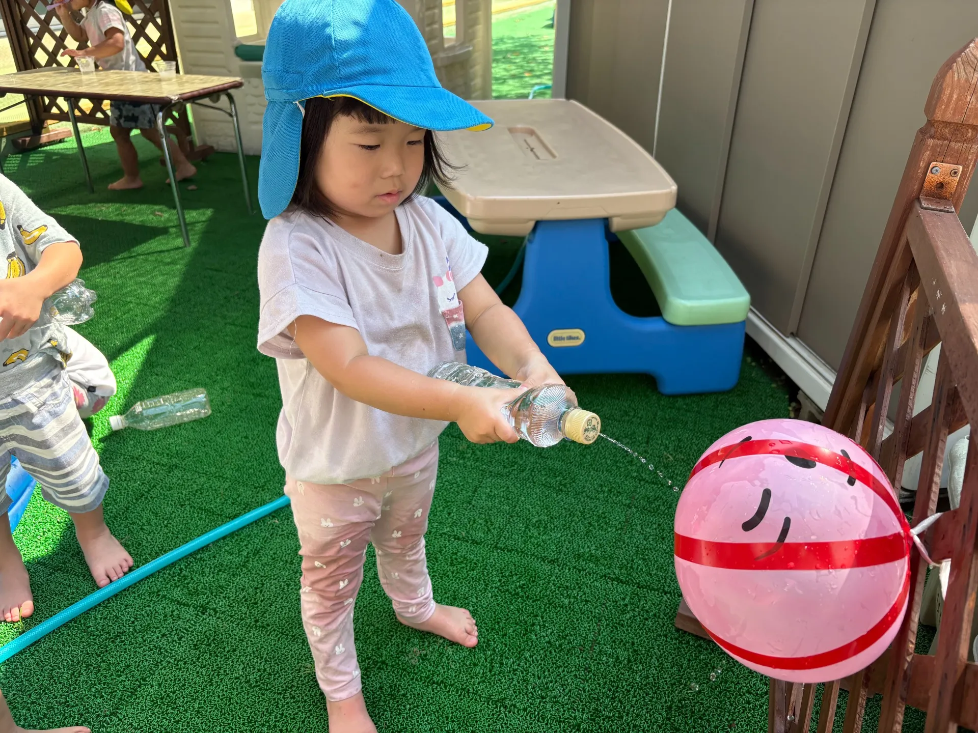 最後はペットボトルの水鉄砲で思いっきり遊びました!!
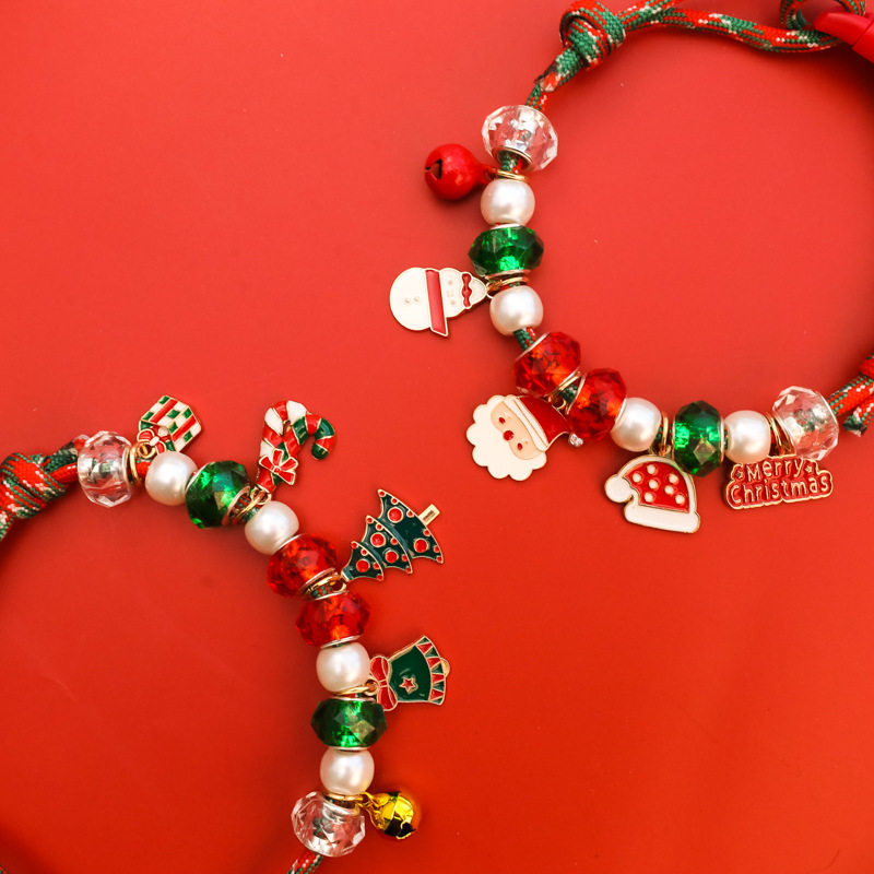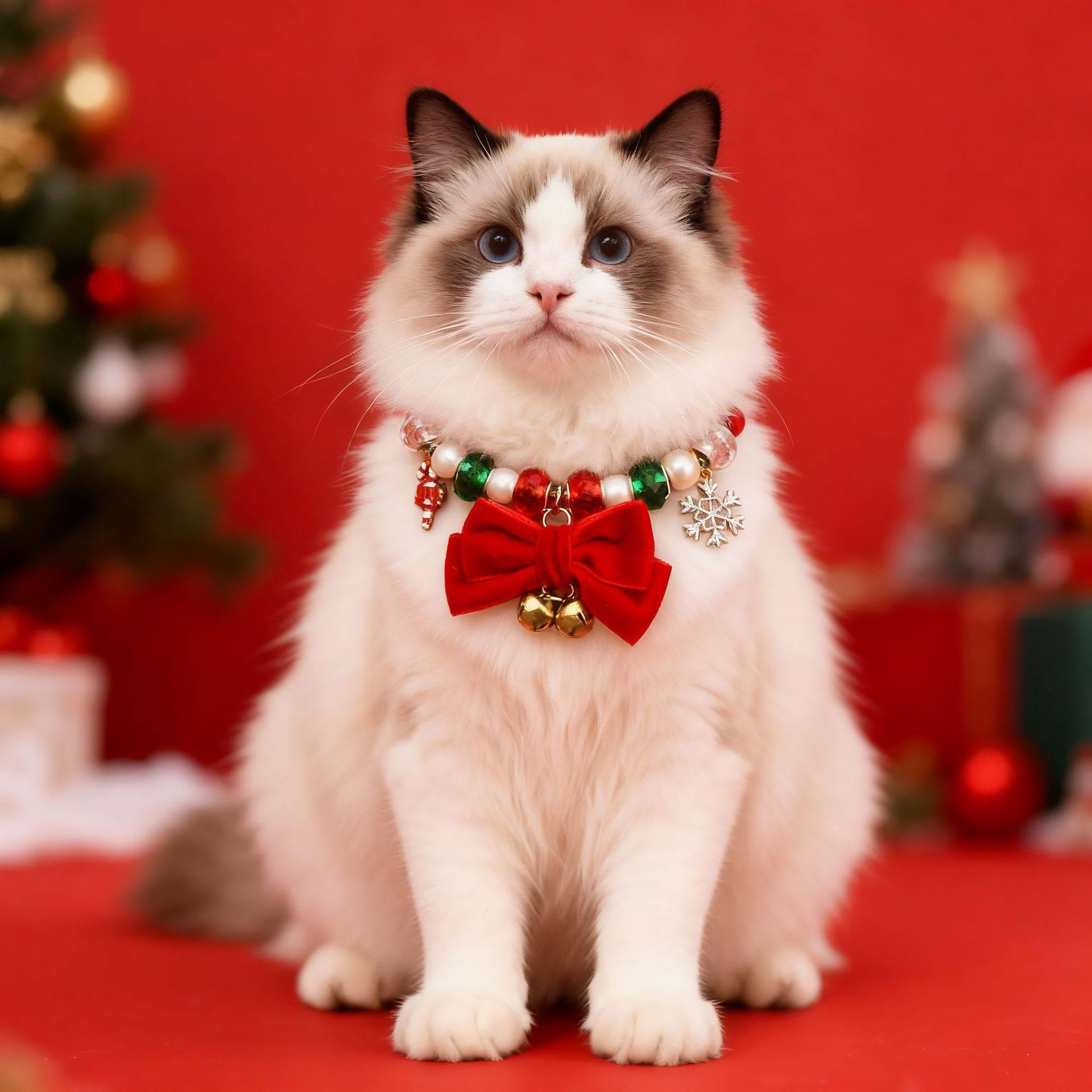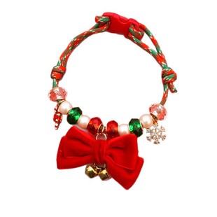 宠物圣诞节日卡通项圈猫咪狗狗项链红色可爱装 饰品串珠铃铛蝴蝶结
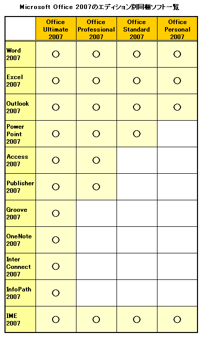 まず、エディション別の同梱ソフトを確認しておこう。「Personal」は、Word 2007、Excel 2007、Outlook 2007の3本のみで、個人向けの最も基本的な構成。「Standard」は、PersonalにPowerPoint 2007が加わったビジネス向け基本タイプ。「Professional」は、Standardにデータベースを構築できるAccess 2007、パンフレットやウェブページが作成できるPublisher 2007の2ソフトを追加したビジネス向けの上級タイプ。「Ultimate」は、Professionalにファイル、スケジュールの共有ができるGroove 2007、テキストや画像、ウェブページやメモなどを保存しておけるOneNote 2007、名刺管理や人とのやり取りを記録できるInterConnect 2007、経費精算や休暇申請などの提携業務を行えるInfoPath 2007の4ソフトを盛り込んだオールマイティータイプだ。また、いずれのエディションにもOffice IME 2007を同梱する。
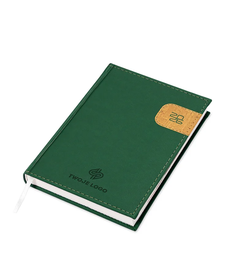 Kalendarz książkowy Patch A5 z logo to model kalendarza z oprawą łączoną , który zachwyca swoją oprawą soft touch z łatką z materiału imitującego korek . Posiada w wytłoczoną datę na okładce oraz proste narożniki, ten kalendarz jest nie tylko praktyczny, ale także elegancki.

--------------------------------

Please retype the whole listing above exactly, without any of its images.

 最後はペットボトルの水鉄砲で思いっきり遊びました!!
 宠物圣诞节日卡通项圈猫咪狗狗项链红色可爱装 饰品串珠铃铛蝴蝶结
 まず、エディション別の同梱ソフトを確認しておこう。「Personal」は、Word 2007、Excel 2007、Outlook 2007の3本のみで、個人向けの最も基本的な構成。「Standard」は、PersonalにPowerPoint 2007が加わったビジネス向け基本タイプ。「Professional」は、Standardにデータベースを構築できるAccess 2007、パンフレットやウェブページが作成できるPublisher 2007の2ソフトを追加したビジネス向けの上級タイプ。「Ultimate」は、Professionalにファイル、スケジュールの共有ができるGroove 2007、テキストや画像、ウェブページやメモなどを保存しておけるOneNote 2007、名刺管理や人とのやり取りを記録できるInterConnect 2007、経費精算や休暇申請などの提携業務を行えるInfoPath 2007の4ソフトを盛り込んだオールマイティータイプだ。また、いずれのエディションにもOffice IME 2007を同梱する。
 Kalendarz książkowy Patch A5 z logo to model kalendarza z oprawą łączoną , który zachwyca swoją oprawą soft touch z łatką z materiału imitującego korek . Posiada w wytłoczoną datę na okładce oraz proste narożniki, ten kalendarz jest nie tylko praktyczny, ale także elegancki.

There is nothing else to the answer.